In defense of your right to flame

In a disturbing turn of events, a change in federal telecommunications law makes it illegal to post nasty anonymous comments on someone’s blog. The new law (HR 3402) essentially extends your personal protection against harassment. Pre-3402, it was illegal to place anonymous calls to someone for the purpose of annoying them. Now it is illegal to annoy people via “any device or software that can be used to originate telecommunications or other types of communications that are transmitted, in whole or in part, by the Internet.” Which means that, if the law is actually enforced, you could get fined $50,000 or spent six months in jail if you repeatedly flame The Annalog with comments under the name Pat McGroin or Heywood Jablome.

ZDNet’s Mitch Radcliffe points out that this is bad because it stifles criticism. Quite true. It also confuses private speech (telephone conversations) with public speech (blogs). I don’t want anonymous harassers to call me on the phone; that’s why I don’t put my phone number on my blog. But if I put something up here for all of you to read, I’m entering into public debate. Once I do so, I implicitly open my views up for comment, nasty or not.
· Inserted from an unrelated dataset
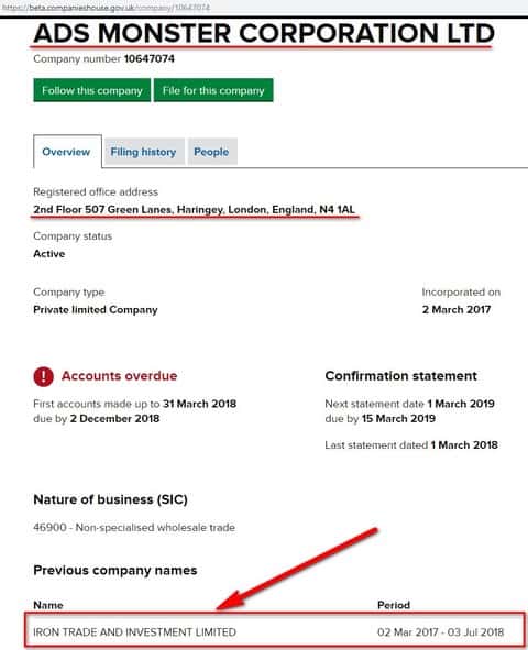 Как выяснилось контора Iron Trade and Investment Limited была основана в 2017 году, а уже в июле 2018 года была перерегистрирована в компанию под названием ADS Monster Corporation LTD, которая расположена по адресу: 2nd Floor 507 Green Lanes, Haringey, London, England, N4 1AL. Вот так схему придумали жулики конторы Iron Trade - и не подкопаешься!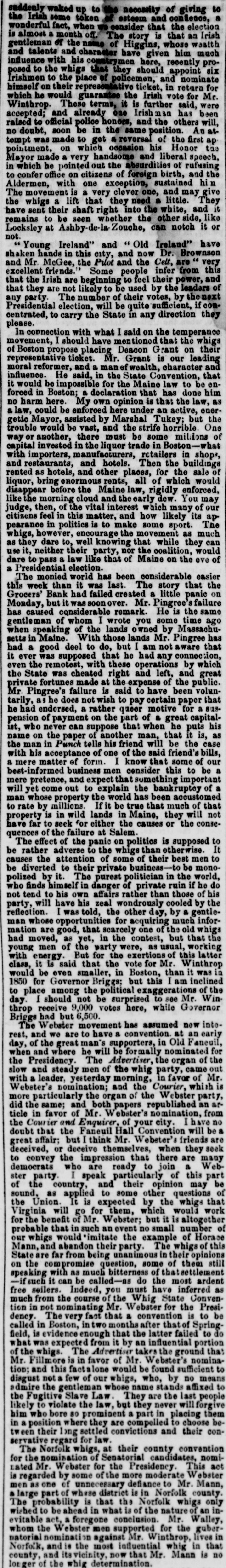 waked up to necessity of giving to the Irish some and token esteem confesce, wonderful fact, when we consider that the election almost month story is that gentleman of the whose and talents have given him much influence with here, recently proposed to the whigs should appoint six to Irishmen the place and policemon, nominate himself on their represe ticket in return for which he would the Irish vote for Mr Winthrop These terms. is further said, were accepted; and already Irish has been raised to official police honors, and the others will no doubt, soon be in the same position. Au a of the made reversa first to was tempt occasion Honor which on his pointment. the Mayor made very handsome and liberal speech, in which he pointed out the absurditie of rufusing to confer office on citizens of foreign birth, and the Aldermen, with one exception, sustained The movement is very clever one. and may give the whigs a lift that they need a little They have sent their shaft right into the white, and remains to be seen whether the other side, like Locksley at Ashby de la Zouche, can notch it or not Young Ireland and Old Ireland have shaken hands in this city, and now Dr Brownson and Mr. McGee, the Proo and the Cell, are very excellent friends Some people infer from this that the Irish are beginning to feel their power, and that they are not likely to be used by the leaders of any party The number of their votes, by the next Presidential election, will be quite sufficient, if con centrated, to carry the State in any direction they please. In connection with what said on the temperance movement, should have mentioned that the whigs of Boston propose placing Deacon Grant on their representative ticket. Mr Grant is our leading moral reformer and man of wealt character and influence He said, in the State Convention. that would be impossible for the Maine law to be en forced in Boston; a declaration that has done him no harm here. My own opinion is that the law, alaw, could be enforced here under an active, ener getic Mayor, assisted by Marshal Tukey; but the trouble would be vast, and the strife horrible One way or another. there must be some millions of capital invested in the liquor trade in Boston with importers, manufacturers, retailers in shops and restaurants and hotels. Then the buildings rented as hotels, and other places, for the sale of liquor, bring enormous rents, all of which would disappear before the Maine law, rigidly enforced like the morning cloud and the early dew You may judge, then, of the vital interest which many of our citizens feel in this matter. and how likely its ap pearance in politics is to make some sport The whigs, however, encourage the movement as much as they dare to, well knowing that while they can use it, neither their party, nor the coalition. would dare to pass law like that of Maine on the eve of Presidential election The monied world has been considerable easier this week than it was last The story that the Grocers' Bank had failed cre little panic on Monday, but it wassoon over. Mr Pingree has caused considerable remark He is the gentleman of whom I wrote you some time when speaking of the lands owned by Massachusetts in Maine With those lands Mr. Pingree has had a good deel to do, but I am not aware that it ever was supposed that he had any connection. even the remotest. with these operations by which the State was cheated right and left. and great private fortunes made at the expense of the public. Mr Pingree's failure is said to have been volun tarily, as he does not wish to pay certain paper that he had endorsed, rather queer motive for pension of payment on the part of a great capital ist, who never can suppose that when he puts his name on the paper of anoth man, that is, the man in Punch lls his friend will be the case with his acceptance of one of the said friend's bills. mere matter of form know that some of our best-informed business men consider this to be mere pretence, and expect that something important will yet come out to explain the bankruptcy of a man whose property the world has been accustomed to rate by millions. If it be true that much of that property is in wild lands in Maine, they will not have far to seek for either the causes or the consequences of the failure at Salem The effect of the panic on politics is supposed be rather adverse to the whigs than otherwise. causes the attention of some of their best men to be diverted to their private business to be mono polized by it The purest politician in the world. who finds himself in danger of private ruin if he do not tend to his own affairs rather than those of his party, will have his zeal wondrously cooled by the reflection was told, the other day, by gentle man whose opportunities for acquiring much information are good, that scarcely one of the old whigs had moved, yet, in the contest but that the young men of the party were, as usual. working with energy But for the exertions of this latter class, it is said that the vote for Mr Winthrop would be even smaller in Boston, than it was 1850 for Governor Briggs: but this am inclined to place among the political exaggerations of the day I should not be surprised to see Mr Win throp receive 9,000 votes here, while Governor Brigge had but 6,500 The Webster movement has assumed new into rest. and we are to have convention at an earl day, of the great man' supporters, in Old Faneui when and where he will be formally nominated for the Presidency The Advertiser, the organ of the slow and steady men of the whig party, came with a leader, yesterday morning in favor of Mr Webster's nomination; and the Courier. whish more particularly the organ of the Webster party did the same; and both papers republished an ticle in favor of Mr Webster' nomination, from the Courier and Enquirer, of your city have doubt that the Faneuil Hall Convention will be great affair; but think Mr. Webster' friends are deceived, or deceive themselves when they seek to convey t

As far as anonymity goes, there’s something to be said for staking your name on your comments. Some would say the option of anonymity remains essential, giving us access to juicy insider blogs and hot tips to Gawker. In the wake of Judy Miller and Andrew Krucoff, however, I have to come down on the side of nymity here. None of us should depend on anonymous sources for our news, our livelihood, or our sexual titillation.

That said, none of us should go to jail for flying under the radar, either. Bring it on, McGroin!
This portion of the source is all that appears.